(Corrects spelling of name in third paragraph of story published Nov. 22)
Mongolia is meeting investors from today to discuss a possible dollar-denominated bond sale, as closed markets in the U.S. for Thanksgiving prompted Asian issuers to pause. Bond risk fell.
The North Asian country, which was the world’s fastest- growing economy last year, hired five banks to arrange the meetings, a person familiar with the matter said yesterday. Asia-Pacific dollar note sales this week total $1.8 billion, compared with $3.9 billion last week, according to data compiled by Bloomberg. Asia debt risk is poised to close at the lowest level in more than two weeks, according to prices from Westpac Banking Corp. (WBC) and data provider CMA.

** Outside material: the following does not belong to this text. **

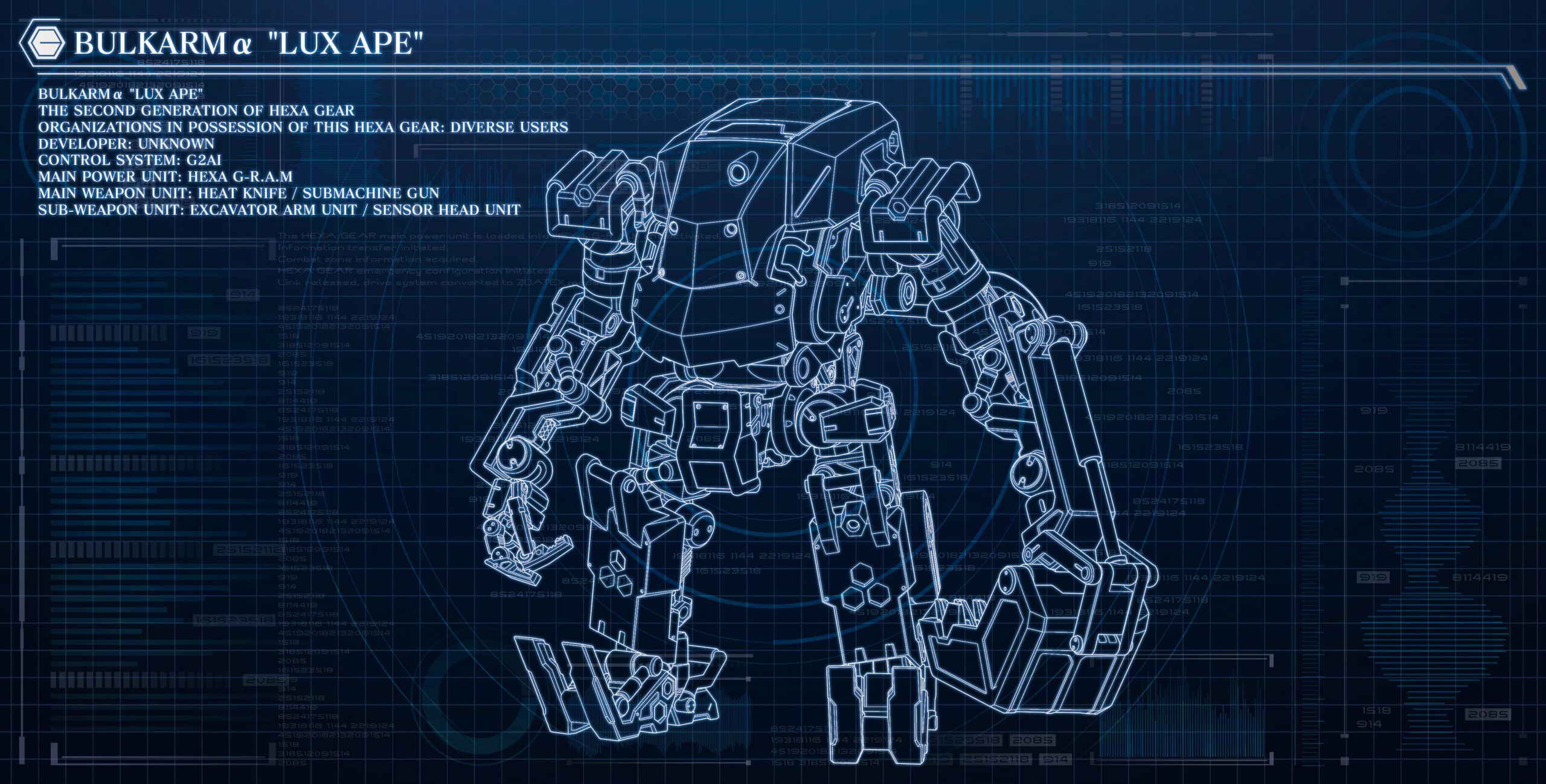 本機“ルクスエイプ”の正体は、広く流通したバルクアーム系列のフレームを流用しつつ同シリーズの代名詞とも言える重装甲を廃し、軽合金製の簡易ボディーシェルへの換装と腕部エクステンションパーツ、そして特徴的な大型バケットアームを搭載する事で民間用も含めた土木作業用機体としてリビルドする為のサードパーティ製オプションを装備した姿……“だった”物である。

Mongolia, an exporter of coking coal, is seeking to raise as much as $5 billion from bonds and loans for rail and power projects, Vice Economy Minister Chuluunbat Ochirbat said last month. The extra yield Asian companies pay over Treasuries to sell dollar debt fell for the first time in more than two weeks yesterday, according to HSBC Holdings Plc indexes.
Mongolia is “in a pretty sweet spot, if you’re looking at it from a resource standpoint,” said Brayan Lai, a desk analyst in emerging market credit trading at Jefferies Group Inc. in Singapore. Mongolia will likely be flexible on timing given less constraints around required funding, he said.
Financial markets in the U.S. are closed today for the Thanksgiving holiday.
The Markit iTraxx Asia index of 40 investment-grade borrowers outside Japan slid two basis points to 118 as of 8:11 a.m. in Hong Kong, Westpac prices show. The gauge is on track for its lowest close since Nov. 7, according to CMA, which is owned by McGraw-Hill Cos. and compiles prices quoted by dealers in the privately negotiated market.
The Markit iTraxx Australia index fell one basis point to 139 as of 11:23 a.m. in Sydney, according to Credit Agricole SA. (ACA) The benchmark is poised for its fourth consecutive day of decreases, according to CMA.
The Markit iTraxx Japan index dropped two basis points to 176 as of 9:11 a.m. in Tokyo, Westpac prices show. The measure is set for a sixth day of declines and the lowest close since Sept. 14, according to data provider CMA.
Credit-default swap indexes are benchmarks for insuring bonds against default and traders use them to speculate on credit quality. A drop signals improving perceptions of creditworthiness, while an increase suggests the opposite.
The swap contracts pay the buyer face value in exchange for the underlying securities if a borrower fails to meet its debt agreements.